Counsel also charged $2,250 for the preparation of the filing and service of summons and complaint. However, they did not indicate the number of hours spent on this work and the rate at which the time was charged. Hensley, at 433 (the court may reduce the award accordingly when the documentation of hours is inadequate); New York State Association for Retarded Children, 711 F.2d at 1148. Accordingly, that portion of the fees will be reduced to $1,250, which accounts for five hours of work at a rate of $250 per hour. In addition, a court may not award fees under ERISA for legal services performed during the administrative process. The award is limited to the period after the court has assumed jurisdiction of the case. Peterson v. Continental Casualty Co., 282 F.3d 112, 119 (2d Cir. 2002). Therefore, the fee charged for the preparation of the February 5, 2001 collection letter will not be included in the award. Based on the modifications outlined above, the total award of attorney's fees will be $9,250.

5. Costs

Under the ERISA statute, reasonable costs are to be paid by defendant. See 29 U.S.C. § 1132(g)(2). Therefore, American should pay the Fund $200 for the filing fee and process server fee.

IV. CONCLUSION

For the reasons stated above, I respectfully recommend that the Fund be awarded a total of $14,145.30. The award includes unpaid contributions of $3,611.40, plus $541.95 in interest on the unpaid contributions as of June 30, 2003, liquidated damages in the amount of $541.95, attorney's fees in the amount of $9,250 and $200 in costs. Interest shall continue to accrue at the quarterly underpayment rate determined by the Internal Revenue Service under 26 U.S.C. § 6621 until American pays the amount of contributions owed in full.

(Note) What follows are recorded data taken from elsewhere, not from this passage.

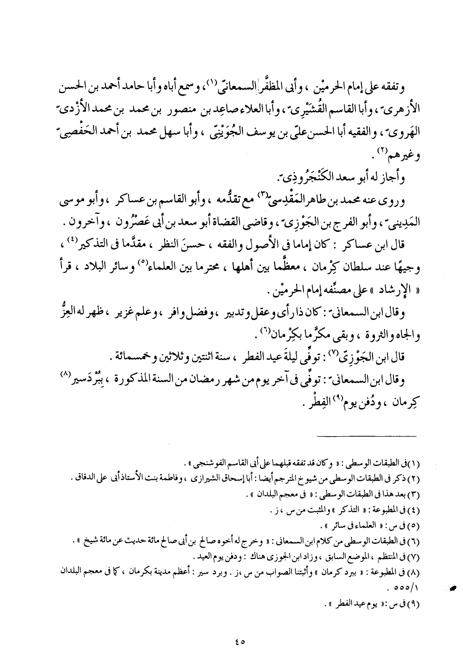 قَالَ ابْن عَسَاكِر كَانَ إِمَامًا فِي الْأُصُول وَالْفِقْه حسن النّظر مقدما فِي التَّذْكِير وجيها عِنْد سُلْطَان كرمان مُعظما بَين أَهلهَا مُحْتَرما بَين الْعلمَاء وَسَائِر الْبِلَاد قَرَأَ الْإِرْشَاد على مُصَنفه إِمَام الْحَرَمَيْنِ
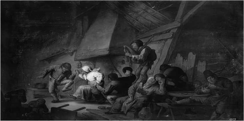 Семейство Зуровых, проезжая мимо одного заведения с вывеской «Здесь приуготовляют кушанье и чай», принимают его за кондитерскую, однако обнаруживают, что это «…заведение под заманчивой вывеской была харчевня» (Т. 1: 60). Гончаров словесно живописует бытовую сцену, в которой «дородный плешивый мужичок в красной рубашке отпер двери и остановился от изумления, встретив посетителей необыкновенного калибра» (там же). Повествователь замечает, что данная «картина» заслуживает достаточно подробного описания, а не «…одного беглого взгляда» (там же) и признается в том, что ранее ему не доводилось «посещать подобные заведения» (там же). В изображенной Гончаровым сцене, как и на полотне Остаде, нет яркого солнечного света, достаточного освещения, по той причине, что харчевни «…располагаются большею частию в нижних этажах, даже подвалах, и не представляют никакой преграды любопытному взору. Если вы взглядывали с улицы прямо в дверь, то верно видели в глубине комнаты огромный стол, уставленный штофиками, карафинчиками, тарелками с разной закуской, и за этим столом бородатого Ганимеда; если в воскресный день смотрели в окно, то верно замечали пирующих друзей, лица которых пылали, как освещенные переносным газом; а хохот, песни и орган уведомляли вас, что вы недалеко от храма утех» (там же). Схожую тематику можно обнаружить на картине «Харчевня», сюжет которой связан с мотивами эпикуреизма. В центральной части композиции находится возвышающаяся над пирующими фигура волынщика, который стоит на какой-то возвышенности (скорее всего на столе, который закрывает фигура мужчины, изображенного со спины и держащего в руке кувшин с напитком). Справа от него еще одна фигура, повернутая к зрителю спиной, – сидящий в расслабленной позе мужчина за трапезой. Слева от него пьющий мужчина с падшей женщиной, которая фривольно держит его за подбородок. В левой части картины, наиболее освещенной, расположена пара танцующих по аккомпанемент музыкального инструмента. На самом нижнем уровне картины, слева, практически в тени находится женщина с изумленным лицом и музыкант. Такой жанр бодегона (низкий жанр в иерархии живописи) позволял художникам сочетать в рамках одной картины темные, скудно освещенные интерьеры с элементами яркого акцентного натюрморта.
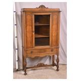 Walnut china cabinet with stretcher base; 55-5255 - 1 door over 1 drawer - (finish as-is) - 36.5x15x65.5
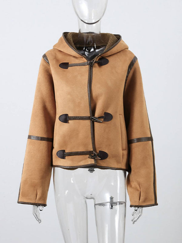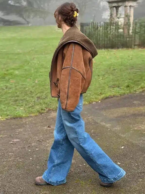 - Cette veste est dotée d'une doublure en laine de mouton et d'une couche extérieure en suède, offrant une combinaison parfaite d'élégance et de style rétro. La conception à boutonnage simple et la coupe ample assurent un confort optimal tout en ajoutant une touche de mode. Le col avec capuche offre non seulement de la chaleur mais aussi un élément distinctif à la tenue globale. Parfaite pour les sorties quotidiennes ou le style décontracté de rue, elle met en valeur le charme individuel.
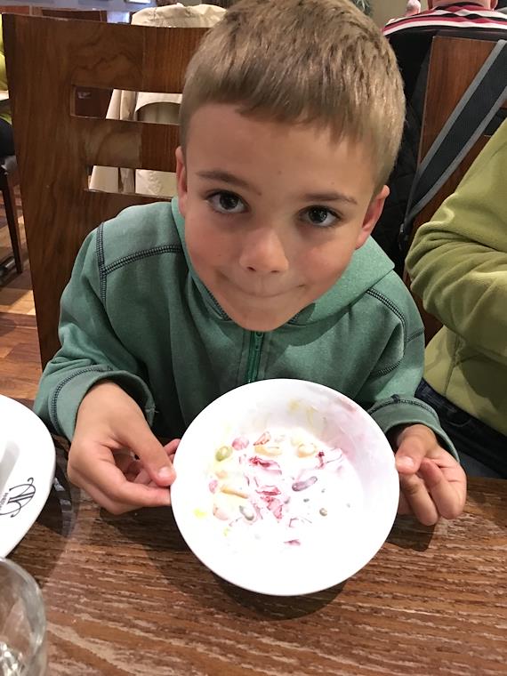 Peter wanted me to take a picture of him eating desert at the indian buffet in Newcastle. He's eating ice cream soup with M&M candies...
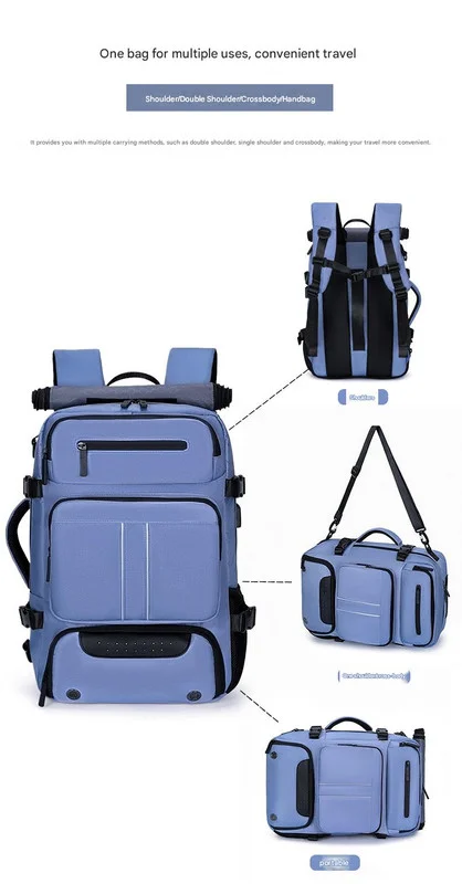 Travel smarter with this essential large-capacity convertible backpack, designed for business trips, commuting, and short getaways. This versatile bag easily transforms from a backpack into a briefcase or shoulder bag, adapting to your needs. It features a multi-layered design with a spacious main compartment, a dedicated padded interlayer for a 16-inch laptop, and multiple front pockets for orderly storage. A standout feature is the independent shoe compartment at the bottom, keeping your footwear separate from other belongings. Made from durable, water-repellent Oxford cloth and equipped with a comfortable sponge back pad, this bag ensures a comfortable carry. Stay connected on the move with the convenient external USB charging port.
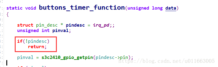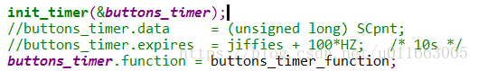 另外还有一个问题需要去考虑,就是在入口函数中没有设置定时器的超时时间,也就是说开始的超时时间就是0,那么通过add_timer函数将定时器放进内核以后,一旦进入系统时钟的中断,jiffies这个参数的值就会大于0,就会随即调用按键定时器函数buttons_timer_function,但是这时候并没有按键中断产生。
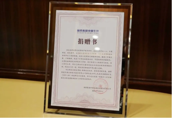 在9月24日召開的第十三屆中國生物產業大會上,國藥集團中國生物宣布向武漢市人民政府捐贈20萬支(10萬人份)新冠肺炎滅活疫苗,用于武漢抗疫一線醫護人員及馳援武漢的全國各地醫護工作者的自身防護,支持武漢疫后重振,保障武漢社會、經濟高質量發展。
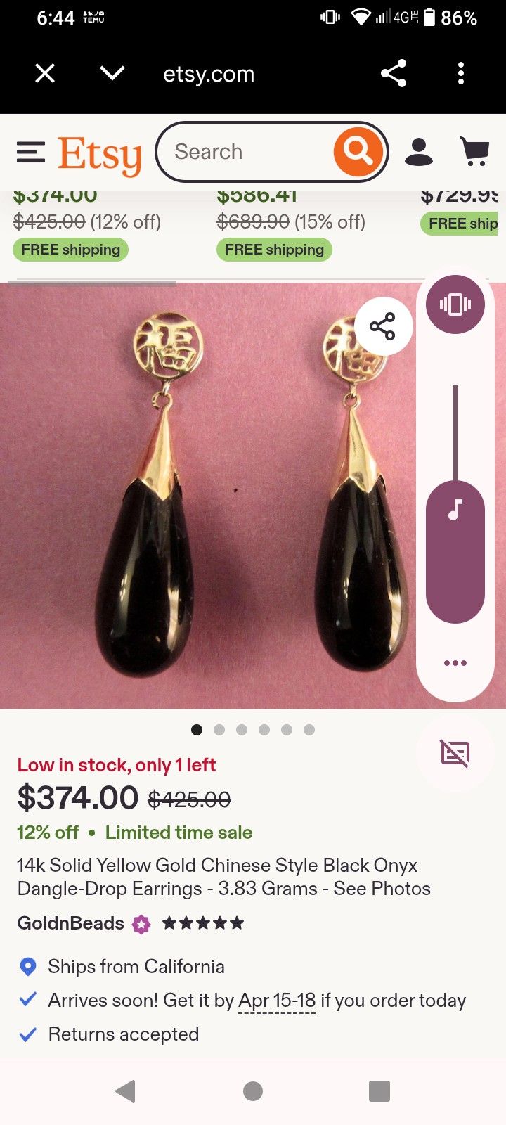 14 Karat Gold Black Onyx Earrings Selling For $150
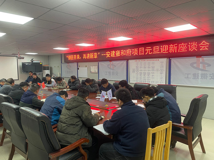 2021年1月1日,四公司阜南安建雍和府項目部組織召開了辭舊迎新座談會,項目部全體職工歡聚一堂,開心交流,共話工作和生活。
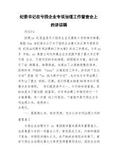 纪委书记在亏损企业专项治理工作督查会上的讲话稿同志们:按照xx纪委监委关于国有企业反腐败工作的相关部署,根据《xx省纪委办公厅关于国有企业重大非正常亏损背后违纪违法问题专项治理的工作方案》有关工作要求,今年xx月开始,xx集团公司对所属企业全范围开展了重大非正常亏损企业、亏损项目的系统清理。按照既定方案,我们进行了前期摸底、梳理排查,也提出了止损挽损整改清单。前段时间开始的“xxxx"以案促改工作中,涉及的“五大行动”里面的“xx能力提升行动”,也对本次专项治理工作作出了重点安排。近期,我们将重点抽查30家单位开展重点走访调研,你们就是其中之一。今天的实地督查,目的也是为了强化跟踪督导,对专项...
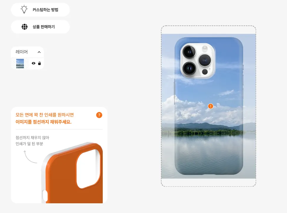디자인이 점선 가이드라인 내에 충분히 채워지지 않았을 경우 이미지 경고 아이콘과 제작 주의 안내 문구가 노출되어 주문 전에 디자인 오류를 바로 확인하실 수 있어요.
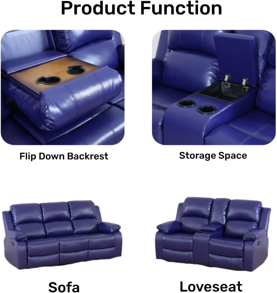 We recently had the chance to experience the Bonded Leather 3-Piece Sofa Set in blue, and we’re excited to share our thoughts. Combining manual recline features with thoughtfully integrated storage and a drop-down coffee table,this set strikes a balance between style and practicality. The rich bonded leather upholstery and stitched detailing give the pieces a polished look, while the plush cushions invite you to kick back and relax. Over the course of using this set, we explored how it fits into different living spaces and whether it truly delivers on comfort and convenience. Here is our full review after living with it in our own home.
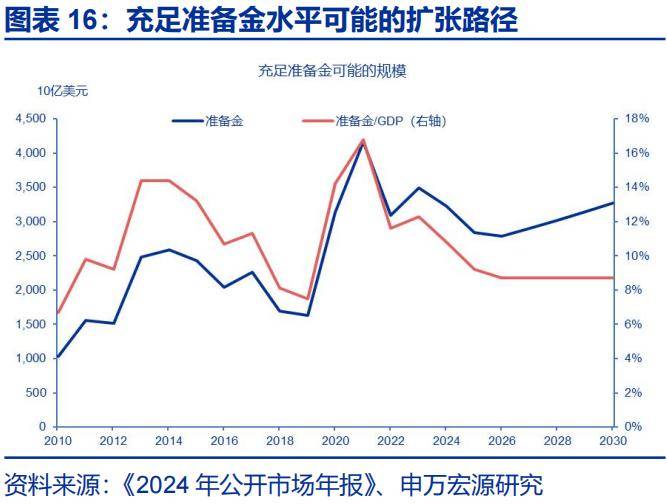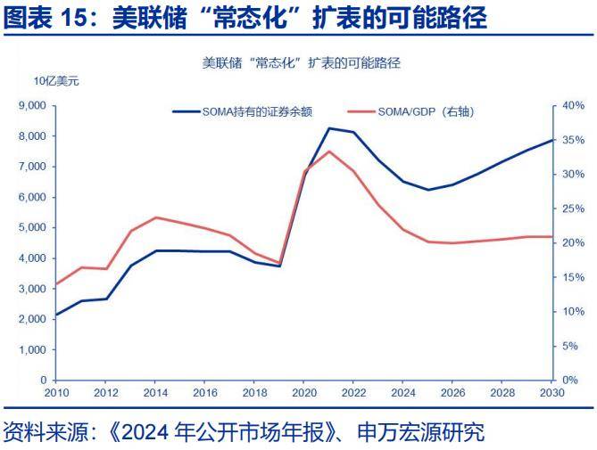 数量回答的是“买多少”问题。RMP的“反应函数”是金融机构的准备金需求+居民的现金需求,叠加国债交割、缴税等季节性因素的扰动。经验上看,准备金需求和现金需求都与名义GDP增速基本一致。所以,中期而言,RMP速度也与名义GDP增速基本一致。假设短期内美国名义GDP增速中枢维持5%,美联储每年或需增持国库券近3,000亿美元(月均250亿6)。实践中还需考虑扰动因素。RMP将遵循“长板原理”,在债券交割或报税截止日之前,SOMA增持国库券的规模或有抬升。纽约联储估计,在一定假设条件下,为维持充足准备金,SOMA持有的证券占GDP的比重约为20%-21%,准备金/GDP约等于8.7%——显然慢于QE式扩表的速度。
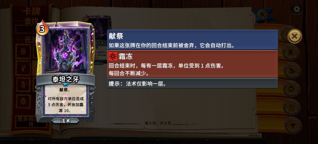 那说到这里就要正式介绍冥卫了,冥卫的特点就是高伤害的直伤法术卡牌,dlc环境下神殿提供的法术升级极大提高了冥卫的卡牌强度,可以直接把游戏玩法变成杀戮尖塔,而本游戏单位牌又不影响过牌速度,再加上冥卫的冻结效果可以留一下高费牌,很容易在每回合把高伤核心法术牌打出。
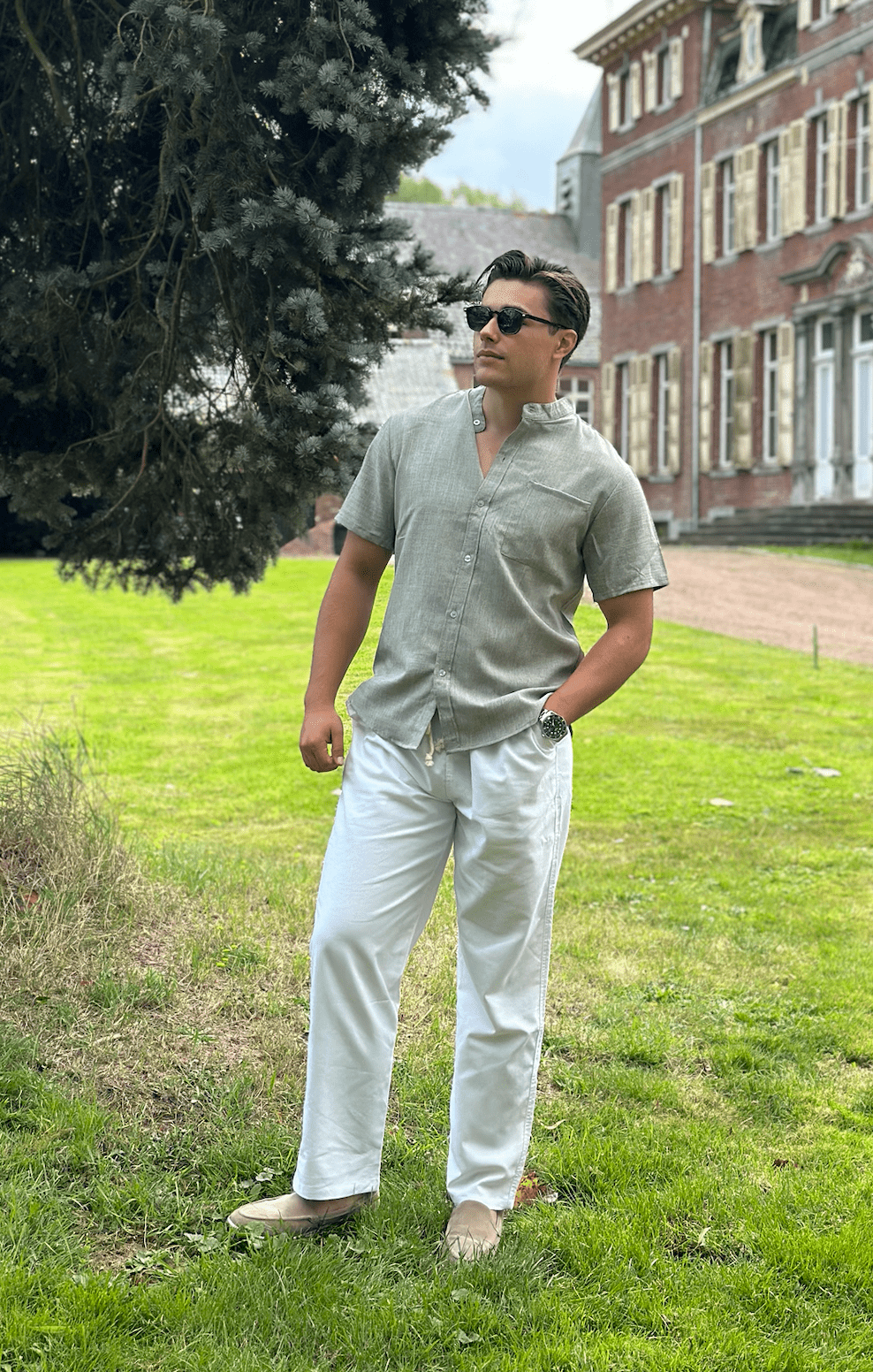 In Kombination mit dezenten Sonnenbrillen, einer Pladen-Edelstahluhr und Wildleder-Loafers ist dieses Set perfekt für diejenigen, die zurückhaltende Eleganz und Vielseitigkeit schätzen. Eine stilvolle Lösung für warme Tage und Outdoor-Abenteuer.
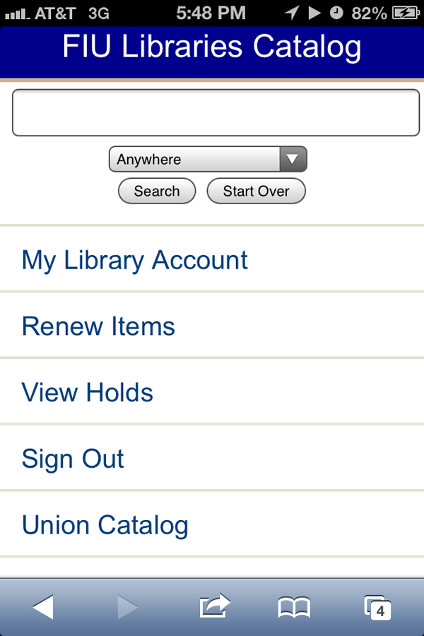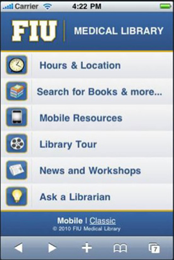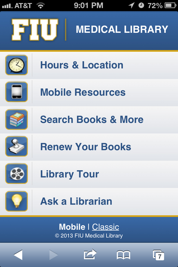 Florida International University Medical Library mobile website in 2010, 2012/2013 [http://medlib.fiu.edu/m], and the new “Renew Your Books” feature that allows the library account management on mobile |
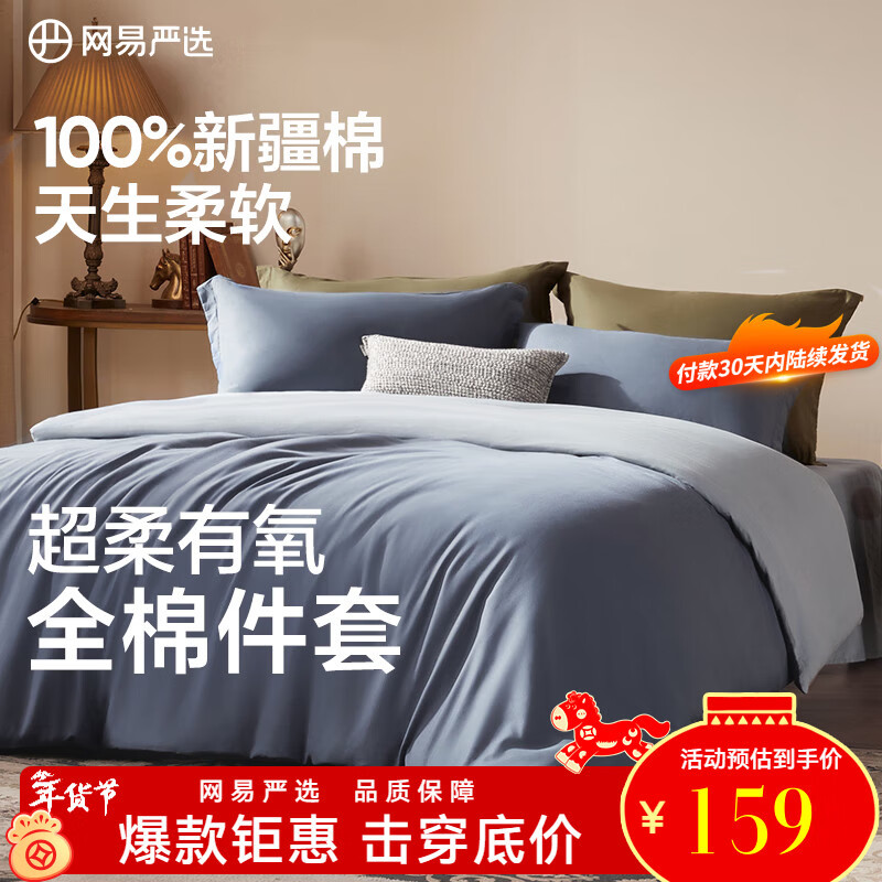 网易严选【100%新疆棉】有氧纯棉四件套A类枕套床上用品床被套罩床单宿舍 【全棉奢享升级】远山黛 【三件套】 床单款 (被套1.5*2m)

Pursuant to Rule 72, Federal Rules of Civil Procedure, the parties shall have ten (10) days after being served with a copy of the recommended disposition to file written objections to this Report and Recommendation. Such objections shall be filed with the Clerk of the Court and served on all adversaries, with extra copies delivered to the chambers of the Honorable Lawrence M. McKenna, 500 Pearl Street, Room 1640, and to the chambers of the undersigned, Room 1970. Failure to file timely objections shall constitute a waiver of those objections both in the District Court and on later appeal to the United States Court of Appeals. See Thomas v. Arn, 474 U.S. 140, 150 (1985); Small v. Sec'y of Health and Human Services, 892 F.2d 15, 16 (2d Cir. 1989) (per curiam); 28 U.S.C. § 636(b)(1) (West Supp. 1995); Fed.R.Civ.P. 72, 6(a), 6(e).